Data shown —

=== Begin Enclosure ===

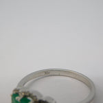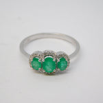 18ct White Gold, Three-Stone Emerald & Diamond Dress Ring Vintage c1990
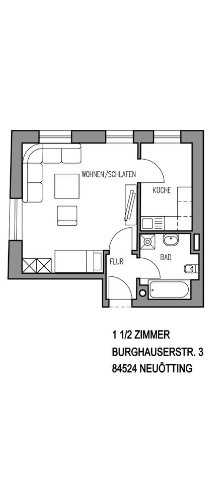 Sie befinden sich hier: Ruhige, lichtdurchflutete 1,5-Zimmer-Wohnung nahe Stadtplatz in Neuötting - 3391734631-203-6629 | 1A-Immobilienmarkt.de
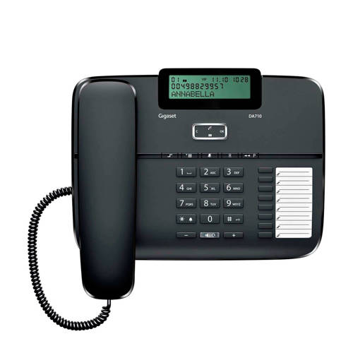 De Gigaset DA710 is een handige analoge huistelefoon met een handig LCD scherm voor naam-en nummerweergave. De toetsen zijn groot genoeg om makkelijk in te drukken en het volume kan je aanpassen met behulp van 3 verschillende levels. Hierdoor mis je nooit meer een telefoontje. Met de hands free optie is het mogelijk om te telefoneren met je handen vrij, zo kan je naast het telefoneren ook nog aantekeningen maken. Wilt je snel contact opnemen met een van de personen die jou recentelijk heeft opgebeld? Met de functie Nummerherhaling kunt je één van de laatste 5 nummers die u heeft gebeld opnieuw kiezen.Daarnaast kan je gemakkelijk telefoonnummers programmeren onder de snelkiestoetsen. Met één druk op de knop bel je de persoon die je nodig bent!

=== End Enclosure ===

Problem to work on — Print only the lines from the opening line of the listing to the line containing "Sie befinden sich", inclusive, exactly as they appear and without pictures.

Problem solution —
 18ct White Gold, Three-Stone Emerald & Diamond Dress Ring Vintage c1990
 Sie befinden sich hier: Ruhige, lichtdurchflutete 1,5-Zimmer-Wohnung nahe Stadtplatz in Neuötting - 3391734631-203-6629 | 1A-Immobilienmarkt.de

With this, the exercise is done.